Fig. S5. Differentiation of induced mesoderm and the putative endogenous source of FGF. (A) Hemangioblast marker Lmo2. Left, control injection; right, FGF4 injection. (B) Smooth muscle marker dHAND. Left, control injection; right, FGF4 injection; (C) Expression of endogenous FGF8 in a late HH1 stage chicken embryo. Sagittal section shown in Fig. S5C′. (D) Expression of endogenous FGF8 in a late HH1 stage quail embryo. Sagittal section shown in Fig. S5D′. Arrowheads, hypoblast expression; arrows, posterior marginal zone expression. Hypoblast cells close to the posterior marginal zone are strongly positive for FGF8 (arrowheads). Epiblast cells in the posterior marginal zone are initially negative for FGF8 in unincubated embryos (not shown), and at late HH1 also become FGF8 positive (arrows).
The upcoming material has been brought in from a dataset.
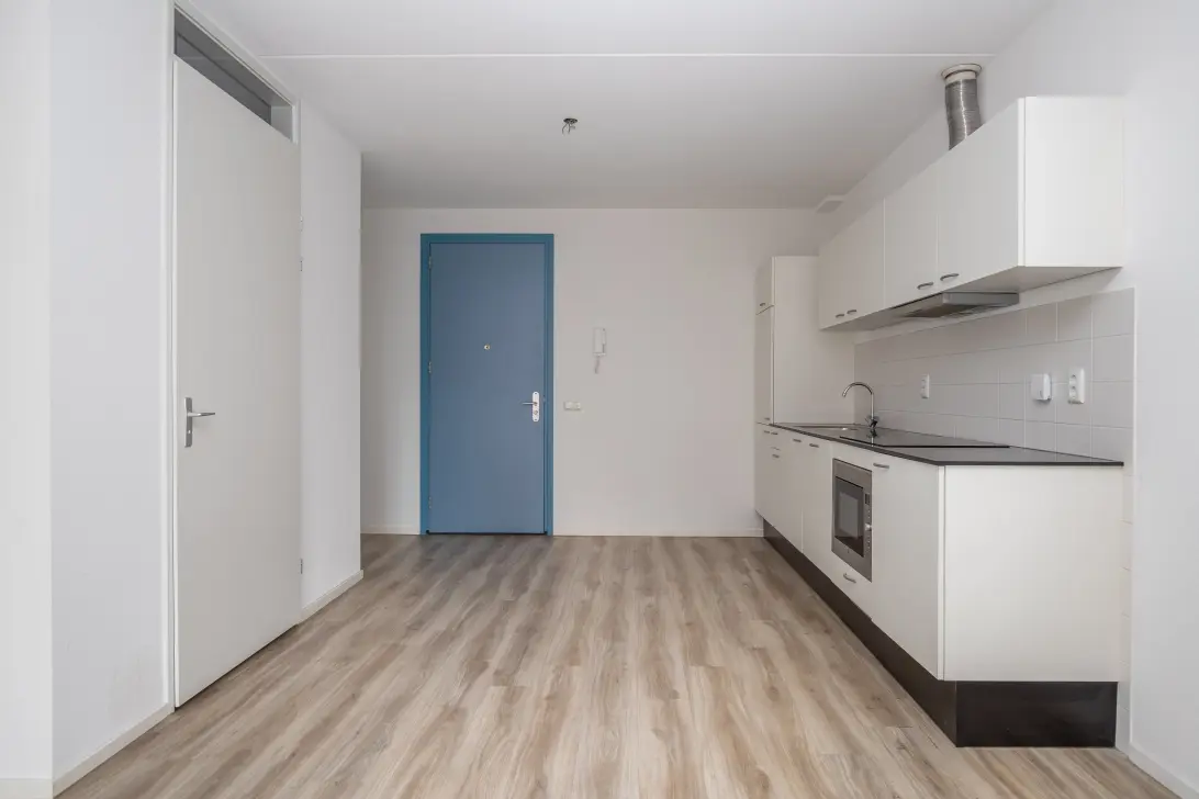 The type S7 studio is a studio facing the Kaappark side. The kitchen includes a dishwasher. Further the kitchen is equipped with a ceramic cooker, fridge freezer combination and a combi microwave.

Movie 1. Gastrulation-like movement of cells in the induced mesoderm ring. Movie taken as schematized in Fig. S3B. Total duration is ~6 hours (merge of three movies with no time interruption). Total number of frames is 127. Time interval between frames is 3 minutes. Movie taken with the endoderm side of the embryo facing up in New culture setting (embryo in Fig. S5B is shown with ectoderm side upwards). The streak is located in the lower-middle part (not labeled with GFP). Two patches of labeled cells in the induced mesoderm ring can be seen undergoing gastrulation-like movement, by first moving towards and then moving away from presumptive ingression sites.